Nonalcoholic fatty liver disease (NAFLD) is a complex hepato-metabolic
syndrome with multi-etiological pathways. No effective drugs have been
settled for the effective therapy of NAFLD. The purpose of this study was
to investigate the modulatory effects of cilostazol (CILO, 50 and 100
mg/kg.p.o.) against NAFLD induced by high fat diet rich in cholesterol
(HFD- CH) for 10 weeks. Thirty male Sprague daily rats, were divided
into 4 groups (8 rat / group). Normal control group supplied with normal
chow diet. Control positive group received high fat diet rich in cholesterol
for 10 weeks. In addition, two CILO groups received (CILO, 50 and 100
mg/kg.p.o.). Oral administration of (CILO; 100 mg/kg) showed
promising results in reducing fasting glucose and insulin levels.
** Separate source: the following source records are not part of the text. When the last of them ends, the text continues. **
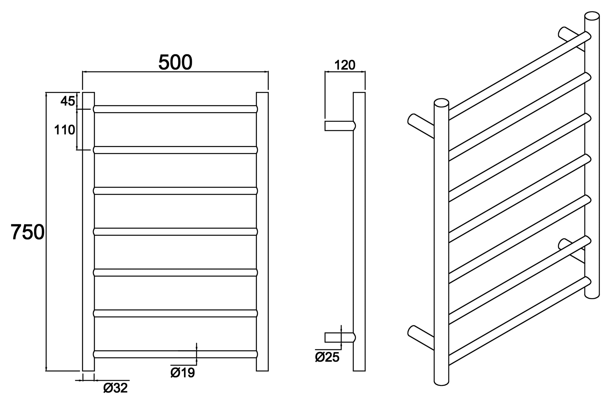 Main Product | 1x 7 bars heated towel rail |
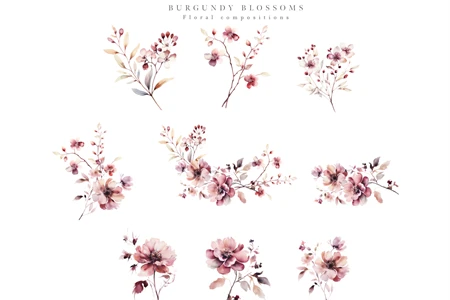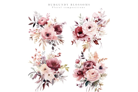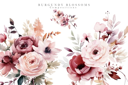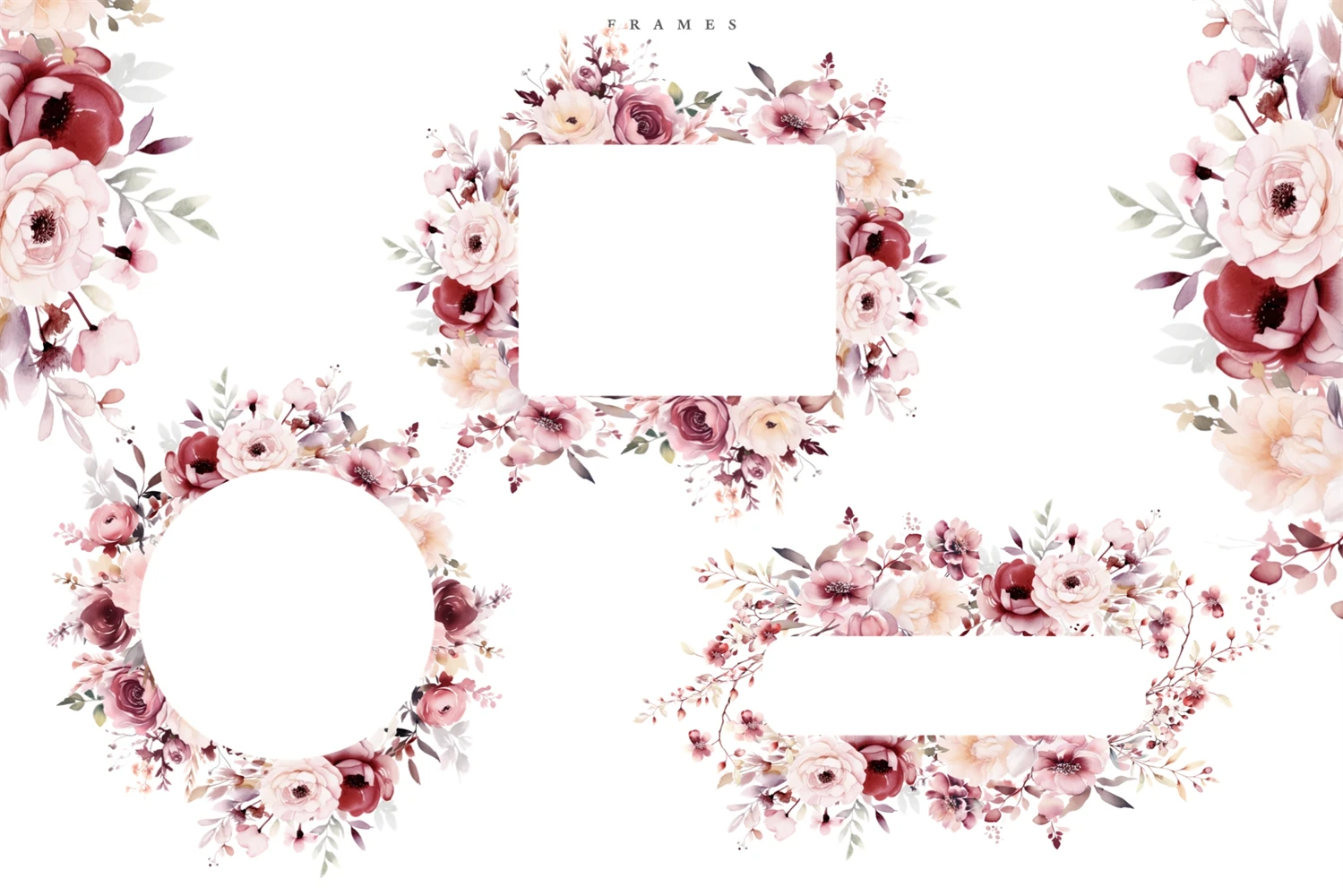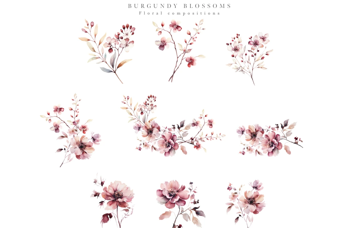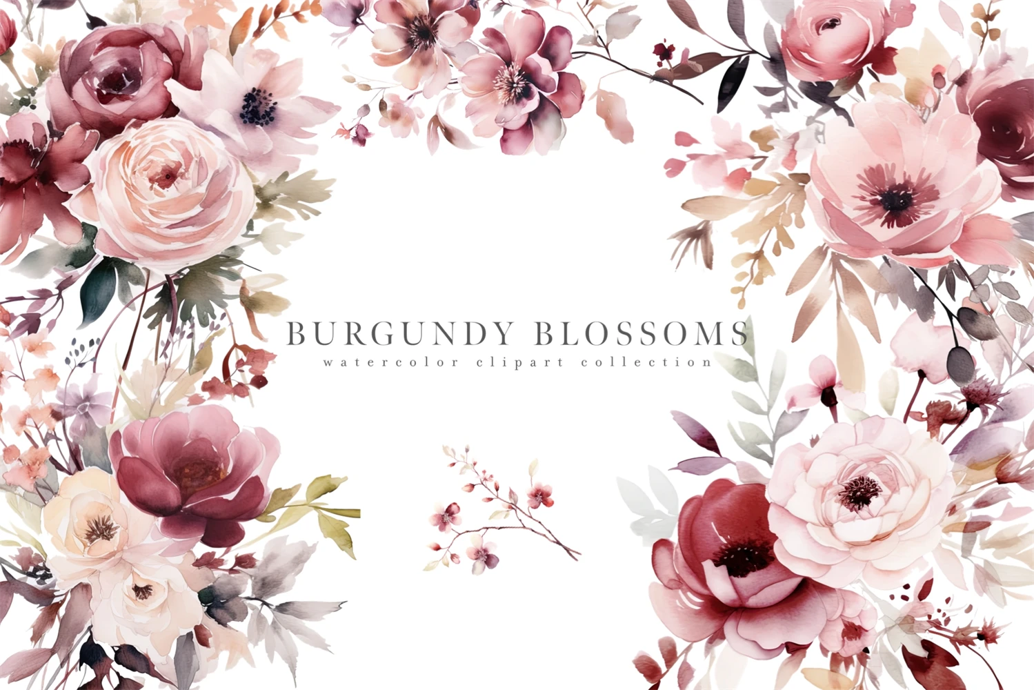 Watercolor burgundy and blush flowers clipart collection. These clipart images can be used for various creative purposes, such as designing invitations, greeting cards, posters, or other artistic projects that require a touch of nature-inspired beauty with a fall theme.
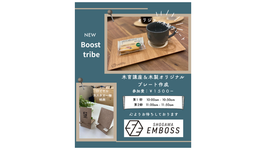 | 提供サービス | 工場内で出た木端材を使ってのモノづくり。 あらかじめ加工されたプレートをお客様に選んで頂き、ヤスリ掛け、オイル塗装をして完成です。ご希望の方にレーザー加工で文字の刻印をいたします。 木育インストラクターによる木育講座あり。 (10〜15分程度) |
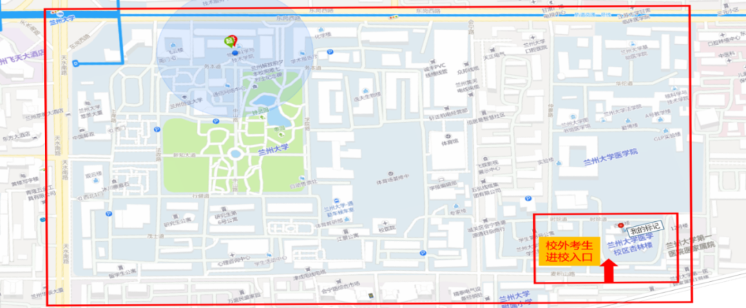 2.校外考生凭准考证、有效身份证件等从城关校区东区南门(麦积山路),通过直达杏林楼一楼东侧校外考生考场的专用通道到达杏林楼指定候检区排队等候,其他要求同校内考生。

Moreover, CILO could reduce the elevated hepatic lipids, oxidative stress
biomarkers and inflammatory cytokines. In addition, CILO succeeded to
restore the total protein levels and activate nuclear factor erythroid-
related factor 2/ heme oxygenase-1 (Nrf2/HO-1) activity. Furthermore,
administration of CILO for NAFLD rats succeeded to show corrected and
normalized FTIR spectra. We also investigated the plausible binding
interactions of CILO with various biological targets using a molecular
docking approach, and the results showed that CILO had an excellent
docking energy score and significant binding interactions with the core
amino acids involved in the active pocket for the enzymes studied. This
study depicts that CILO exerted new intervention for NAFLD due to its
complementary anti-hyperlipdemic, anti-inflammatory effects and
antioxidant potential, via Nrf2/HO-1 activation.